Working at Variety full-time has compelled me to see movies at the rate I used to see them, rather than my rate as a parent (which was, you know, one in the theaters every month or two, then catching up on the rest on cable or DVD six months to a year later).
In the past several days alone, I've seen Flags of Our Fathers, Babel, Fur: An Imaginary Portrait of Diane Arbus and Running with Scissors. I might go into further detail later on some of these, but for now I'll just say that I found the first two not quite as good as the buzz that preceded them and the second two not as bad. All have merit; all have flaws - none is a hands-down winner.

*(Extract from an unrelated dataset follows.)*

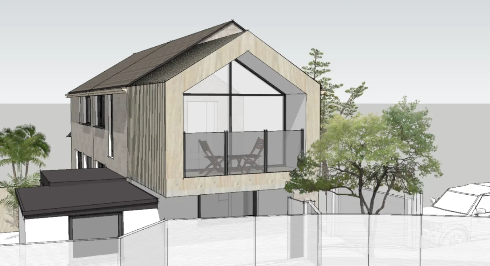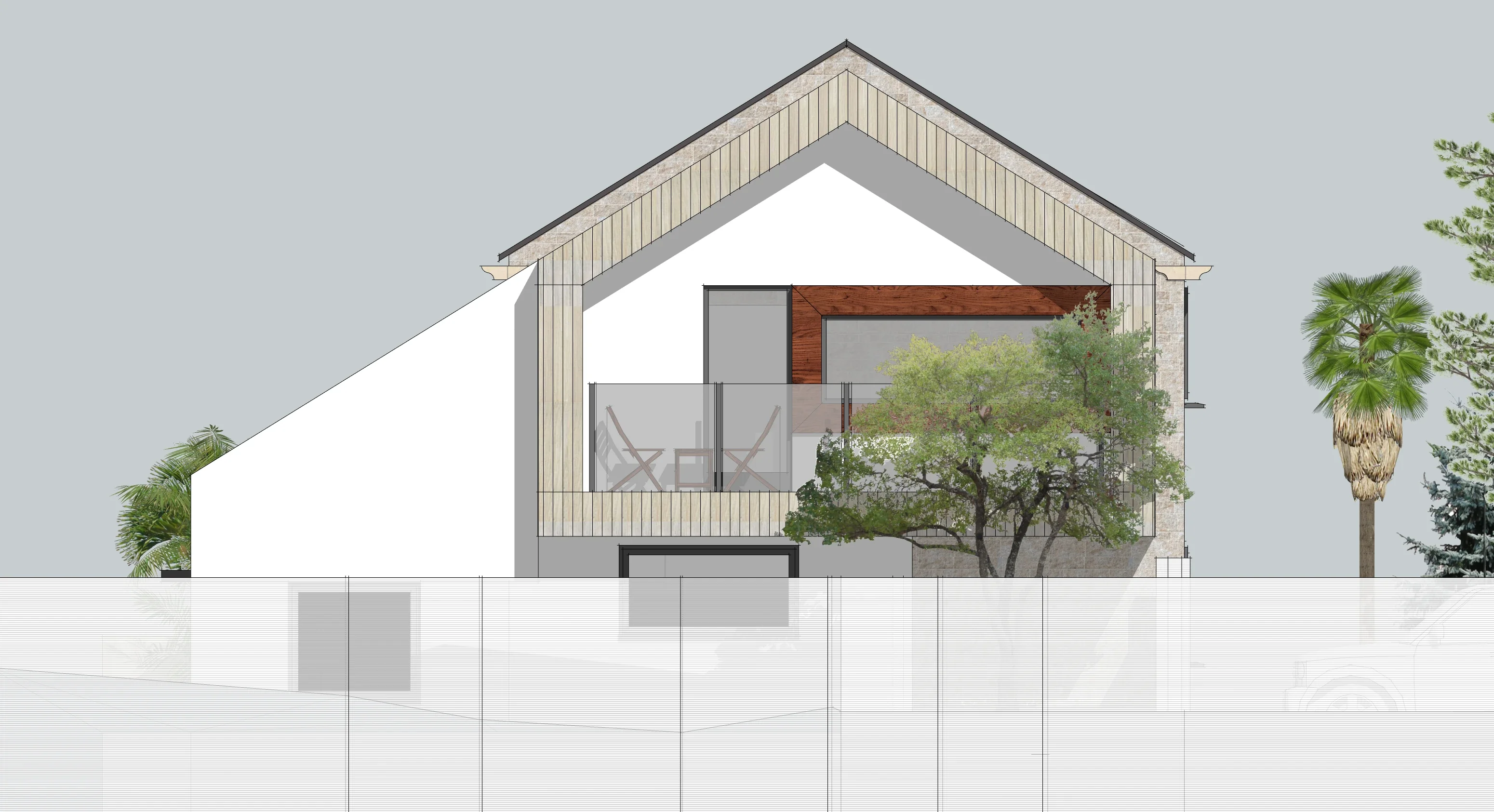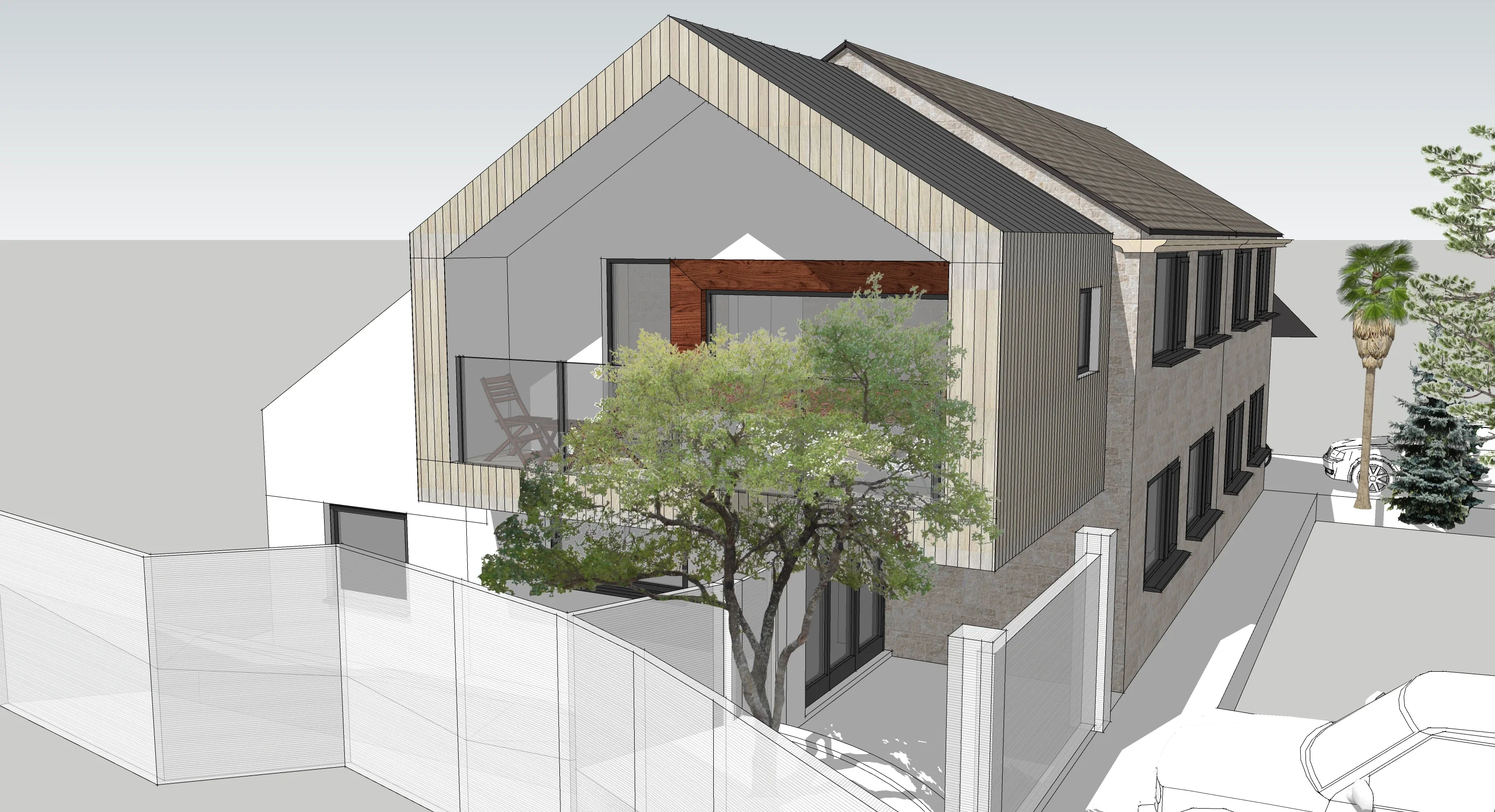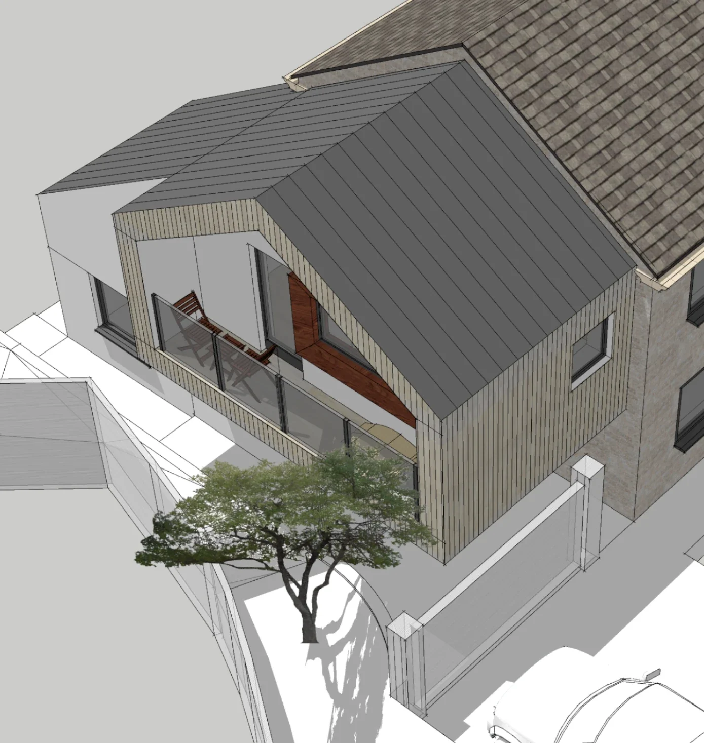 Following the same pitch as the existing roof, the extension will be however minor to the current side gable, by slightly lowering the ridge height. Large glazing with a small terrace/balcony to the front opening over the neighbouring fields in the Cotswolds AONB. The external walls will be finished in timber cladding and white render, working together yet in an elegant contrast to the existing buff Bath Stone cladding. The pitched roof will be dark grey zinc, treated typically for the Cotswolds, with no barge boards or fascias.
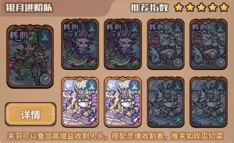这套以关羽为核心的银月进阶阵容,是攻克高难度PVE关卡的终极答案。它通过灵魂收割者与食人族魔法师的协同,构建出后期无解的伤害模型。雷电与冰霜矮人战士的加入,则提供了坚实的屏障与控制链。阵容完全围绕银月城阵营构建,确保所有光环和增益效果全域叠加,从量变引发质变,最终成长为碾压战场的数值怪兽。

Quick comments on the two that are in public release:
Flags of Our Fathers gets its message across quite effectively, but in a somewhat distancing manner. It didn't sweep me off my feet. Though Adam Beach gives a standout performance and Barry Pepper, among others, is completely convincing, Ryan Philippe and Jesse Bradford were (in key roles) on the bland side. The cinematography is sharp, distinctive, but I'm not sure the movie's back-and-forth structure is all that it's cracked up to be. I also think the movie suffers from throwing a great many characters at you at the outset and assuming you'll remember all the key names. Maybe it was my fault, but I found myself at key points in the second half of the film going, "Now, which one was Franklin again?" It's a meaningful movie and I'm glad I saw it, but I have no passion for it.
Something to ponder: Does "The Ballad of Ira Hayes" (I only know Johnny Cash's version) accomplish a good deal of what Flags does, in about 3 percent of the time?
Running with Scissors has been getting hammered pretty hard in the reviews, enough that we would have seen something different had the timing worked out. As it was, I liked it the most of the three people I saw it with (one of us truly disliked it, two were mixed). Atmospherically, it hits you a little like a real-life version of The Royal Tennenbaums (complete with eccentric Gwyneth Paltrow character), with a dram of The Ice Storm. The people I saw it with thought it was over the top; I'll certainly concede that it was near the top, but I thought it sustained itself. It was the least message-y of the four movies I've seen during this spurt and (this is saying something) the least depressing, and I think I was grateful for that - after the others, I was ready to throw myself under a truck. I can't wholeheartedly recommend Scissors, but I'll certainly speak up for it if few others will. It was quite a tale.
I'll tell ya, I'm ready for something lighter, though. I need to get to Stranger Than Fiction as soon as possible.